Se qualcuno me lo avesse commissionato sì, lo avrei fatto volentieri. Sarebbe stato bellissimo, una gioia enorme per me. Certo, preferirei fare un film partendo da una mia idea, un film costruito su siparietti rapidi, semplici. Mi piacerebbe portare sullo schermo Crimenes ejemplares di Max Aub, un libro che racconta di crimini che ciascuno di noi può fare. Per esempio contro qualcuno che ti infastidisce su un autobus. Oppure, a me capita spesso che, vedendo qualcuno pescare, mi vien voglia di dargli una piccola spinta e buttarlo in acqua. Oppure, dare una pacca enorme ad un tizio che cammina per strada con un vassoio di paste in mano e schiacciargliele… Ecco, provo un irresistibile impulso a far cose così.

Insomma se avessi fatto l’artista negli anni ’10 o ’20 avresti realizzato delle azioni futuriste…

Si, mi sarebbe piaciuto. Mi interessa il cinema dell’avanguardia storica, naturalmente. Ricordo che alla Galleria del Cavallino di Venezia vidi Hans Richter presentare i suoi Rhythmus 21 e 23, esponendo anche i rispettivi rotoli. Peccato non aver scambiato con lui quattro chiacchiere in quell’occasione.

Quali sono invece i registi di cinema narrativo che ti piacciono di più?

Amo registi come Dreyer. Ricordo di aver visto i suoi film in televisione, quando la TV era ancora in b&n. Oppure i film di Bergman, un regista che parlava pochissimo con i suoi attori, poiché sapeva esattamente cosa doveva fargli fare…

Come li utilizzeresti gli attori se li avessi a disposizione per un tuo film?

Sarebbe stupendo. Io stesso mi ero messo in testa di volerlo fare l’attore. Me lo hanno chiesto una sola volta nella vita. Fu un regista famoso a chiamarmi, un regista di cui non farò il nome. Voleva farmi interpretate l’artista pazzo. Io non accettai perché altrimenti sarei diventato una macchietta, visto che sono realmente pazzo. È come chiedere a una prostituita di fare la prostituta in un film.

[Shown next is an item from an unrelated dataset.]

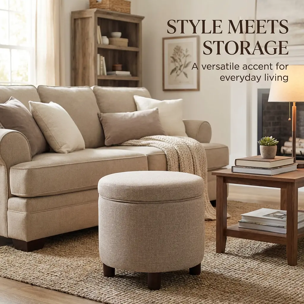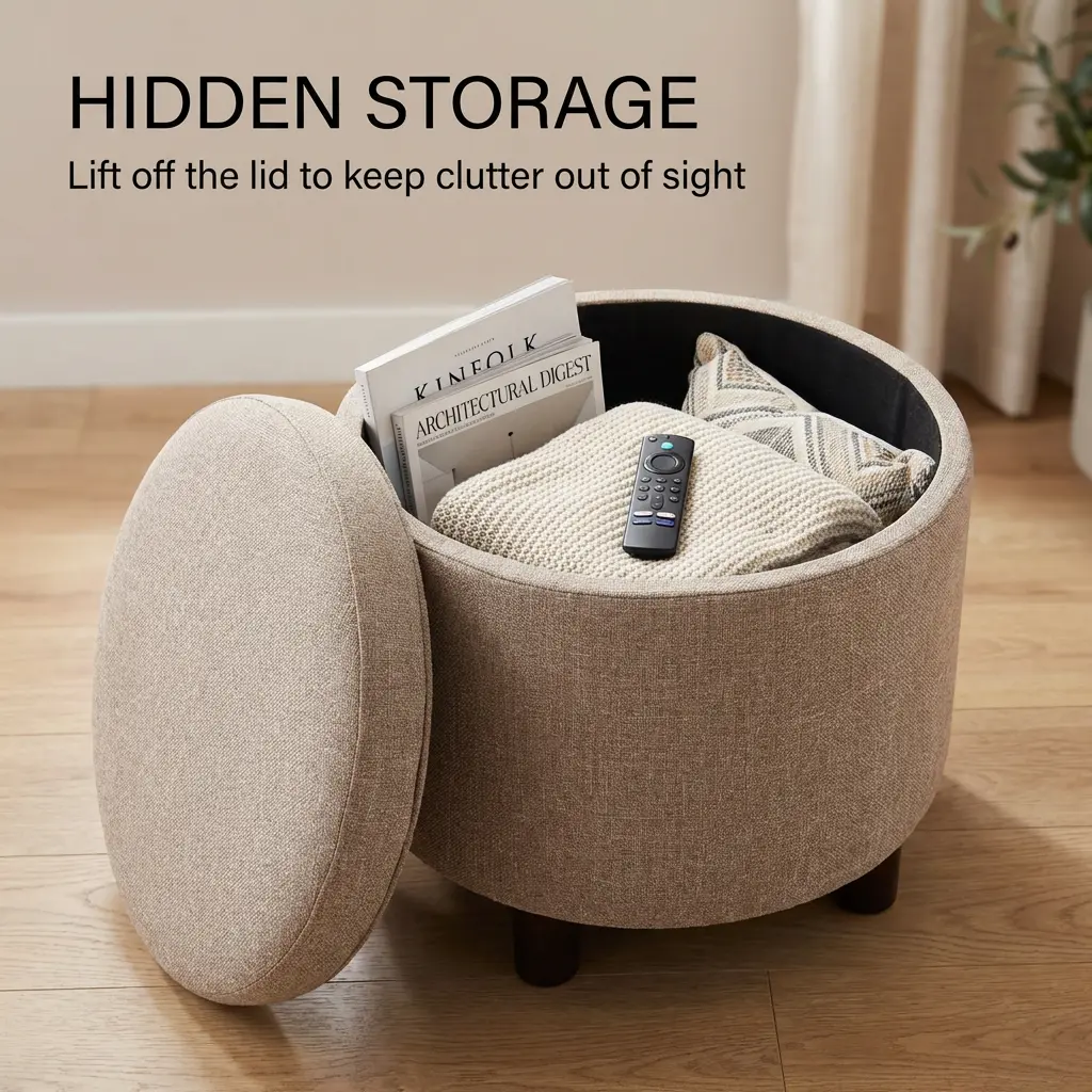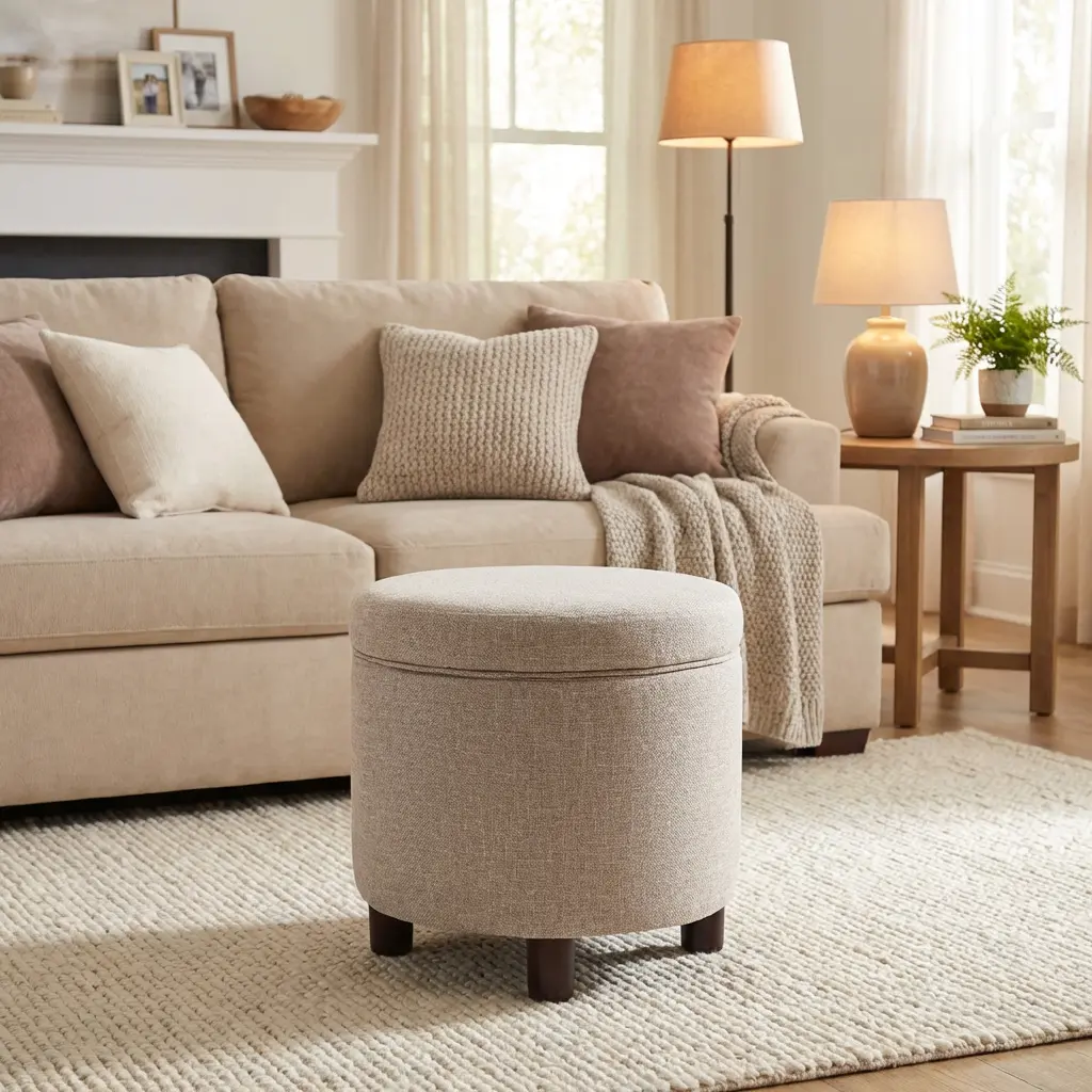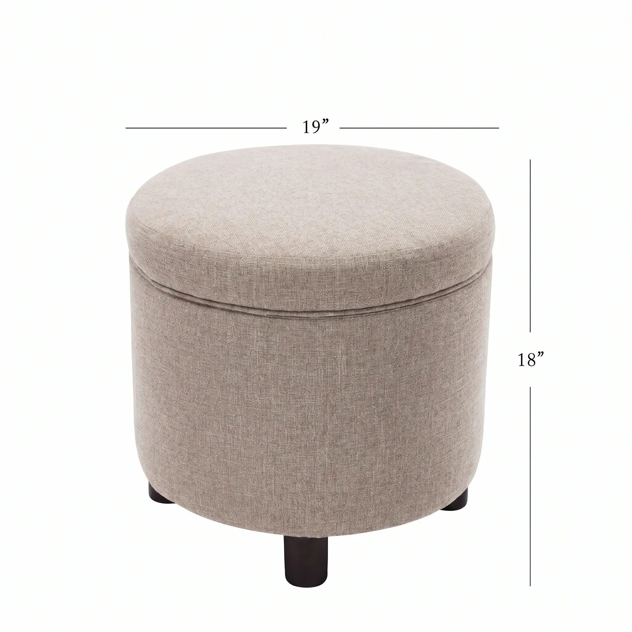 Add style and hidden storage to your home with the Callister 19" Round Storage Ottoman. Designed with a compact round shape and a convenient lift-off lid, this accent ottoman helps keep everyday items neatly tucked away while bringing a warm, elegant touch to your space. Perfect for the living room, bedroom, entryway, or dressing area, this versatile piece can be used as a decorative accent, footrest, or extra seat when needed. Its 19-inch size makes it easy to place in small spaces without sacrificing function. Available in Tan, Blue, and Cream, it blends beautifully with a wide range of home décor styles.

A proposito, quanto conta il tuo essere animalista nella tua arte? Insomma l’etica viene prima dell’estetica?

Io amo tutti gli animali. Ho salvato anche tanti insetti soprattutto quelli più piccoli. Giro sempre con una lente in tasca per vedere se c’è qualche insetto in pericolo vicino a una pozzanghera. In quel caso lo sollevo con un dito, lui sente il calore e si aggrappa, poi mi guarda e mi dice: «Cazzo, chi sei?». Mi ringrazia, si pulisce e se ne va. Quando vado in bicicletta non guardo mai per terra perché non voglio vedere gli insetti schiacciati. Ogni tanto mi fermo e con il fazzoletto li raccolgo e li metto in parte. Allora arrivo a casa in ritardo e mia moglie Carla mi chiede: «Ma dove sei stato?», ed io: «C’erano troppi morti per strada».